Well, whatever he’s dressed as, M.Brez also seems to have forgotten to fully use his Bedazzler®. I can barely see any sequins! I know times are tough, guys, but let’s make cutbacks elsewhere, shall we? Judging from all the falls I’ve seen tonight, the coaches clearly aren’t doing their jobs. I’m sure you’d save a few sparkly bucks that way if you cut those assholes. GOSH. IDIOTS.


Evan Lysecek, USA! USA! USA!

Ugh. Evan “Sparkly Darth Vadar” Lysecek. As much as I love the United States, I feel compelled to root against this guy. First of all, I think he’s wearing the same damn outfit as yesterday, except instead of feathers and gloves, he’s not sporting a rhinestone snake. Cheapskate. (HA! YES I DID!) But seriously, the rhinestone snake is pretty tight. I’ll concede him that.

What I won’t give him, however, is probably the respect he deserves for being actually a pretty damn good skater. EXCEPT HE DOESN’T HAVE A QUAD! Amateur…

“Did Scott Hamilton just call him a tool?” asked my mom.

“Unfortunately, no,” I said. “He only said he retooled his triple axel.”

“Close enough.”

Truth. Dude uses more hair gel than the entire cast of Jersey Shore. And yet it still couldn’t hold his helmet hair-did in place. Even his hair gel doesn’t like him.

“He’s the Dick Cheney of men’s figure skating.” Yes! The Law tuned in just in time to give her expert commentary.

Score: 257.67

Nobunari Oda, Japan

Um, who let the valet onto the ice? What the hell kind of outfit is that? Looks like he got a good deal on tuxedo separates at Filene’s Basement.

OH NOES! COSTUME PROBLEM! His skate-lace broke! This is awkward. And what better way to solve it than with a slow clap?! Kudos, audience, you read my mind.

And now I kind of like him.

“He’s no quitter,” said The Law.

And when you end with an ass-spin (see above photo), you get my mom’s vote, too. Uh-oh. It’s awkward again!


Stephane Lambiel, Switzerland

So, I don’t know who the hell this guy in this picture is, but the dude on the ice looks way less hot. Maybe it’s because he’s dressed like an extra from Pirates of the Caribbean: The Musical. *sigh* I wish that existed.

And in fact, while this guy continues to sit’n’spin, I’m going to start making that musical up in my mind.


Daisuke Takahashi, Japan

So this is “the other guy,” whose name I couldn’t remember earlier today. And it’s not because I’m racist and think all Japanese names should be Mr. Miyagi. It’s because I’m just so overwhelmed by his hair. The only way it could be more spectacular is if he bedazzled it.
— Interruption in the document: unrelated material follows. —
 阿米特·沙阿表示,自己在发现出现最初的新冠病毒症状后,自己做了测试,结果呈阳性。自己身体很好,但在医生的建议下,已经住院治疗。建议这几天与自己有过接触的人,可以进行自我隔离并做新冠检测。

And speaking of, Mr. Miyagi Takahashi, too, is lacking outfit sparkles. He’s wearing a black and white checkered shirt with an interesting collar, overlaid with a red and black vest. In the words of someone who’s not blind, “What the f*ck is this outfit?” asked The Law.

Moreover, why the f*ck are so many people falling? And it’s not just men’s figure skating. And it’s not just figure skating. But people are falling everywhere. Canada hates good performances. I guess that explains Avril Lavigne.

Score: 243.11?

Johnny Weir, USA! USA! USA!

“He’s pretty,” said my mom.

And she doesn’t just mean his angelic girl features. He’s a pretty skater, all around — his jumps, his spins, his TOTALLY BEDAZZLED OUTFIT!
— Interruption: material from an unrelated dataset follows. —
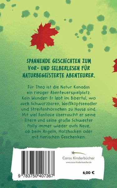 Spannende Geschichten zum Vor- und Selberlesen für naturbegeisterte Abenteurer.Für Theo ist die Natur Kanadas ein riesiger Abenteuerspielplatz. Kein Wunder: Er lebt im Bibertal, wo auch Schwarzbären, Weißkopfseeadler und Streifenhörnchen zu Hause sind. Mit viel Fantasie überrascht er seine Eltern und seine große Schwester Polly immer wieder aufs Neue, ob beim Angeln, Holzhacken oder mit tierischen Geschenken.

“He has the gloves,” noted The Law. “He is not f*cking around.”

No. No he is not. In fact, Weir’s titled this piece “Fallen Angel” and I think we can all agree that is pretty solid in its awesomeness.

“He is a gift from heaven,” said The Law.
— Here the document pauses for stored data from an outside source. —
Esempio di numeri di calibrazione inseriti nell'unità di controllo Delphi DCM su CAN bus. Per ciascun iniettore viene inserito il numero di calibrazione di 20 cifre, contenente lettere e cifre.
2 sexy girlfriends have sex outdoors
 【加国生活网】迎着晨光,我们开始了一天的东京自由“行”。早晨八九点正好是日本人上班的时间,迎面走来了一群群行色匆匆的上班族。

“I’m a believer,” I said. “What do you think, mom?”

“I fell asleep.”

Score: 238.87 HE WAS ROBBED! AGAIN!

Evgeny Plushenko, Russia

Bring it, bitch. And bitch brought it. The Speedy White Comet aka Ivana Drago is hypnotizing us with his skills and his mullet!

“I like when their hair’s all flowy,” said my mom.

Well, she’s come to the right place.

“He’s full of whimsy!” my mom continued.

And if by whimsy, she means some dry-humping, finger-licking and kiss blowing, then, um, he is chock full of whimsy.

And Scott Hamilton agreed: “He’s like a cat!” Then Scott Hamilton went crazy and started making Three Stooges sounds. WHOOP WHOOP WHOOP!

Score: 256.35 WHAT?! Putin just died a little inside.

Final thoughts:

The Law: “F*ck you, Darth Vadar. He can sit and spin on it.”

My mom: “USA! USA! USA!”

Me: Well, if it couldn’t be The Comet, at least it was an American. But yeah, f*ck you, Darth Vadar.